=== Required work ===
When you reach the line containing "This paper investigates", repeat that line and each one after it exactly until the records end, leaving out pictures.

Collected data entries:
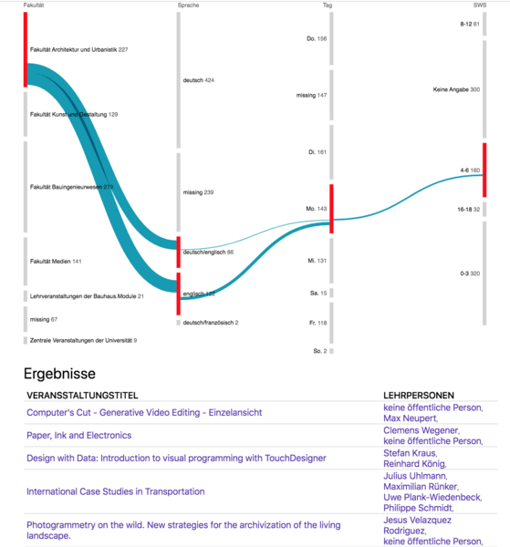 Das Online-Tool visualisiert die gesuchten Kurse auf zweierlei Weise: Einerseits werden die Kurse, die den ausgewählten Kriterien entsprechen, als bunte Linie dargestellt — je dicker die Linie ist, desto mehr Kurse gibt es, die der Suchanfrage entsprechen. Anderseits erscheint unterhalb der Graphik eine Übersicht der entsprechenden Kurse mit Veranstaltungstitel und den Namen der jeweiligen Lehrpersonen. Ein Mausklick auf den Veranstaltungstitel bringt die Nutzer*innen zur Kursbeschreibung im »Bison«-Serviceportal. Durch Klicken auf die Namen der jeweiligen Lehrenden wiederum lassen sich die Lehrkooperationsnetzwerke dieser Personen an der Bauhaus-Universität anzeigen.
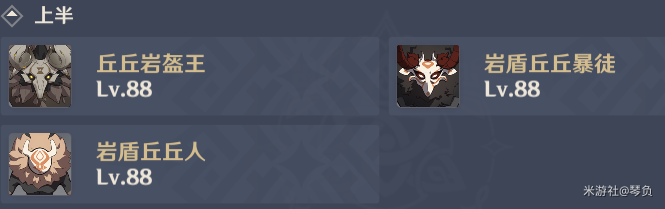 (1)上半:存在大量的岩盾怪物,利好岩系角色,当然不带岩系角色强杀破盾也丝毫不慌。注意拉怪物的嘲讽
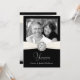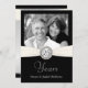 Invitaciones personalizadas para fiesta de aniversario de boda -- invitaciones falsas de bolsillo totalmente personalizables con botón de monograma elegante en cinta blanca sobre fondo plateado y negro. Agregue su propia foto y personalice los nombres, fechas y detalles para la ocasión especial. Perfecto para fotos de boda contemporáneas o vintage. Sobres, estampillas y tarjetas de agradecimiento disponibles. **NOTA: Tamaño para tarjetas de invitación PEQUEÑAS de 5 x 7. POR FAVOR, VER OTROS TAMAÑOS DISPONIBLES EN LA GALERÍA.
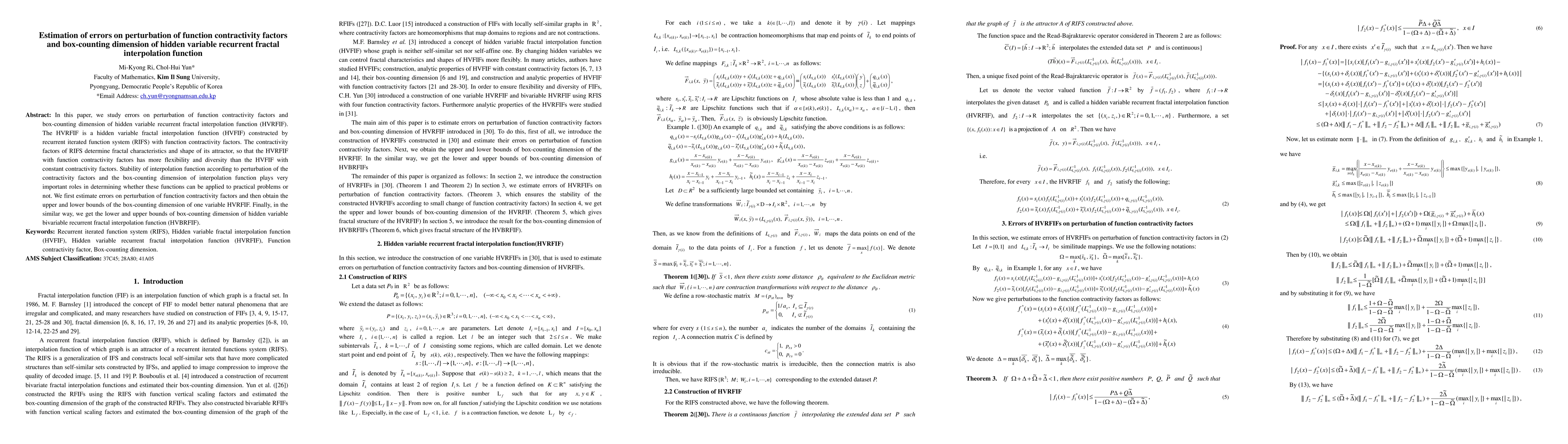 This paper investigates errors arising from perturbations in function contractivity factors and the box-counting dimension of hidden variable recurrent fractal interpolation functions (HVRFIF). It establishes upper and lower bounds for the box-counting dimension of both one-variable and bivariable HVRFIFs, highlighting their stability and practical applicability.
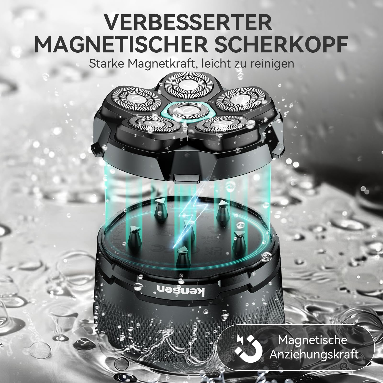Mindestanzahl für die Bestellung von "Glatzen Rasierer Herren, kensen Kopfrasierer Glatze Wasserdicht Kopf Rasierer Herren Wiederaufladbar Typ-c Head Shaver Men Magnetische Leicht zu Reinigen Akkulaufzeit 160 Mins" ist 1.
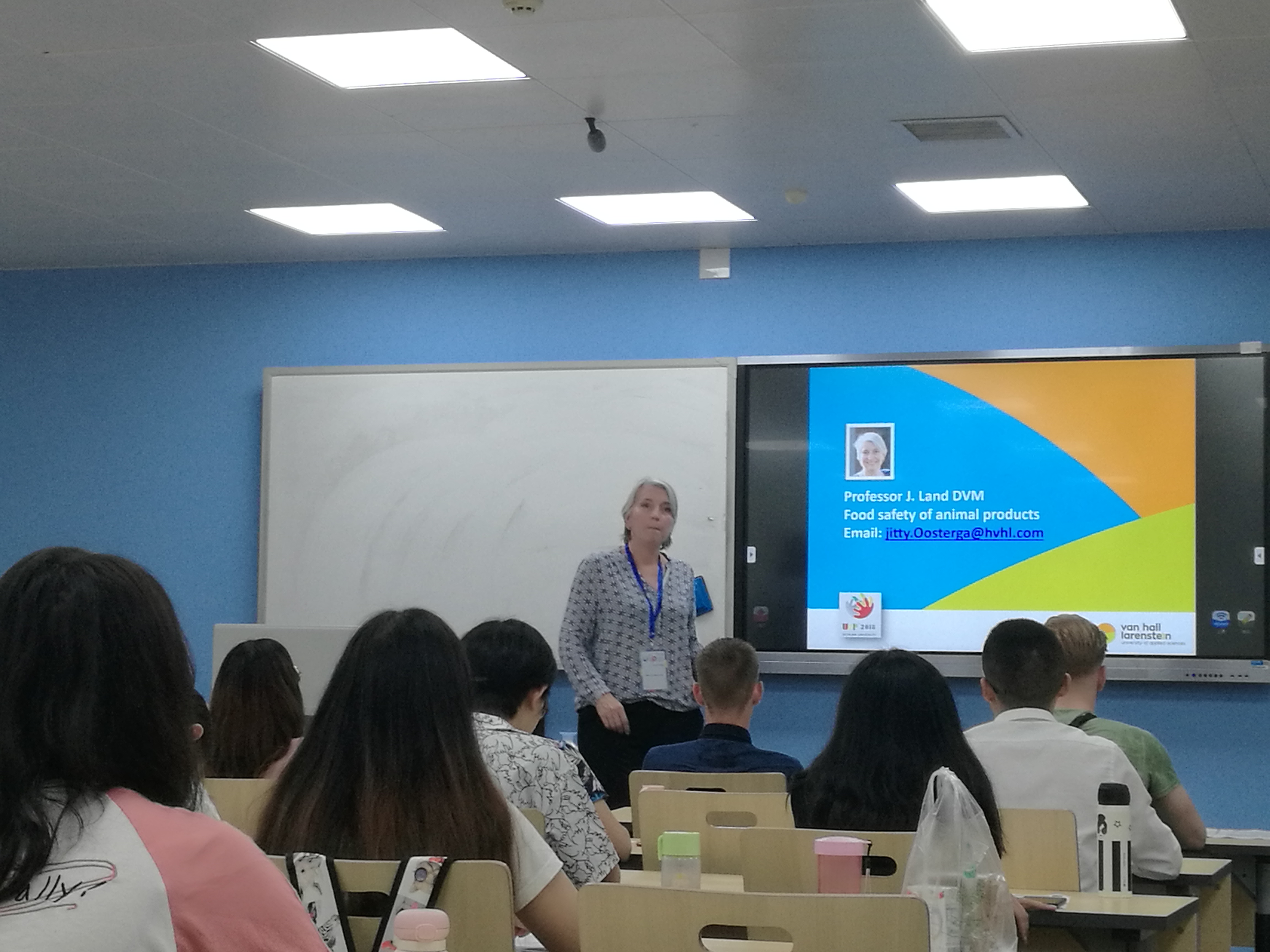 为培养具有国际视野的专业人才,羞羞漫画 食品工程系专业在羞羞漫画 国际课程周期间,特别邀请与羞羞漫画 食品工程系有本科生“2+2”联合培养合作学校——荷兰万豪劳伦斯坦应用科学大学的Jitske Andrea Land教授来羞羞漫画 授课,并在201879日至19日期间为食品科学与工程专业本科生开设了具有专业特色的全英文课程Prudent use of antibiotics in Dairy(抗生素在乳制品生产加工中的滥用现象)Jitske Andrea Land教授一直从事乳制品中抗生素防控方面的研究,曾在瓦赫宁根大学、皇家菲仕兰乳制品公司从事相关科研教学工作。

=== Output of the task ===
 This paper investigates errors arising from perturbations in function contractivity factors and the box-counting dimension of hidden variable recurrent fractal interpolation functions (HVRFIF). It establishes upper and lower bounds for the box-counting dimension of both one-variable and bivariable HVRFIFs, highlighting their stability and practical applicability.
Mindestanzahl für die Bestellung von "Glatzen Rasierer Herren, kensen Kopfrasierer Glatze Wasserdicht Kopf Rasierer Herren Wiederaufladbar Typ-c Head Shaver Men Magnetische Leicht zu Reinigen Akkulaufzeit 160 Mins" ist 1.
 为培养具有国际视野的专业人才,羞羞漫画 食品工程系专业在羞羞漫画 国际课程周期间,特别邀请与羞羞漫画 食品工程系有本科生“2+2”联合培养合作学校——荷兰万豪劳伦斯坦应用科学大学的Jitske Andrea Land教授来羞羞漫画 授课,并在201879日至19日期间为食品科学与工程专业本科生开设了具有专业特色的全英文课程Prudent use of antibiotics in Dairy(抗生素在乳制品生产加工中的滥用现象)Jitske Andrea Land教授一直从事乳制品中抗生素防控方面的研究,曾在瓦赫宁根大学、皇家菲仕兰乳制品公司从事相关科研教学工作。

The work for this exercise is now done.